L’ancien soignant de Damien Abad, accusé de viol, l’a confié à CNEWS. Muriel a trouvé les allégations “grotesques” et a expliqué pourquoi.
L’ex-ministre du nouveau ministre des Solidarités, Damien Abad, Muriel a expliqué mardi au micro de la CNEWS son rôle auprès de la membre du gouvernement d’Elisabeth Borne, accusée de viol.
“Même pour son quotidien, si je suis intervenu, c’est justement parce qu’il ne pouvait pas le faire tout seul, vu son handicap au niveau des membres supérieurs et inférieurs, sa maladie l’empêchait d’écarter les doigts”, a-t-il dit.
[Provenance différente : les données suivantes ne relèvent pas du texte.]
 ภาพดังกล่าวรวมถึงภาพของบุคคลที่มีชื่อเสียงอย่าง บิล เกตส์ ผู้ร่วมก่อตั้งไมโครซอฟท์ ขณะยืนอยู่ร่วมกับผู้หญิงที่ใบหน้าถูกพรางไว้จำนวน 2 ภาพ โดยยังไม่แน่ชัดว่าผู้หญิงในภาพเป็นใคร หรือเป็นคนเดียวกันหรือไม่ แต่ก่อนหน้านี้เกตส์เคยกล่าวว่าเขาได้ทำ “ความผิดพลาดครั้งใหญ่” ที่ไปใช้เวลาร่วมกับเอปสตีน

Ses mains sont très serrées, pour lui c’était vraiment très difficile de s’occuper de lui seul.
Muriel a aussi raconté sa relation professionnelle avec Damien Adad lorsqu’elle est arrivée chez elle : je le sais parce qu’il est incapable de mettre un tee-shirt et encore moins de le boutonner ».
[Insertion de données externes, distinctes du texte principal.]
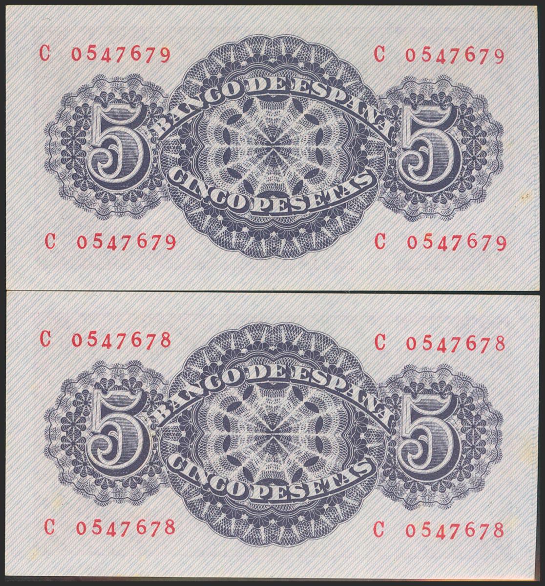 5 Pesetas. April 12, 1947. Correlative pair. Series C. (Edifil 2021: 454a). Original sizing. Almost Uncirculated.

« Comment Damien Abad a-t-il pu gérer ça ?
Dès lors, pour elle et au vu des accusations, “il est clair que je ne l’ai pas suivi dans son intimité sexuelle, mais quand j’ai entendu les accusations, la façon dont je l’ai soigné pendant quelques années, je n’ai pas compris.
« Loin de moi l’idée de remettre en cause les témoignages de femmes, mais quand on raconte à une jeune femme qu’elle a bu une coupe de champagne dans un restaurant et s’est réveillée au lit, je me dis que c’est grotesque parce que je ne vois pas Damien Abad. il aurait pu s’en servir, expliqua-t-il. C’était inconcevable comment je le connaissais.
Le nouveau ministre des Solidarités souffre d’arthrogrypose, une maladie neuromusculaire congénitale rare qui provoque des déformations et des raideurs articulaires, limitant l’amplitude des mouvements.
Damien Abad a réagi publiquement à la polémique lundi depuis Saint-Jean-le-Vieux, commune de la circonscription de l’Ain où il est candidat à sa réélection aux législatives de juin. “Jamais de ma vie je n’ai violé une seule femme (…). Un innocent doit-il démissionner ? Je ne pense pas”, a-t-il déclaré.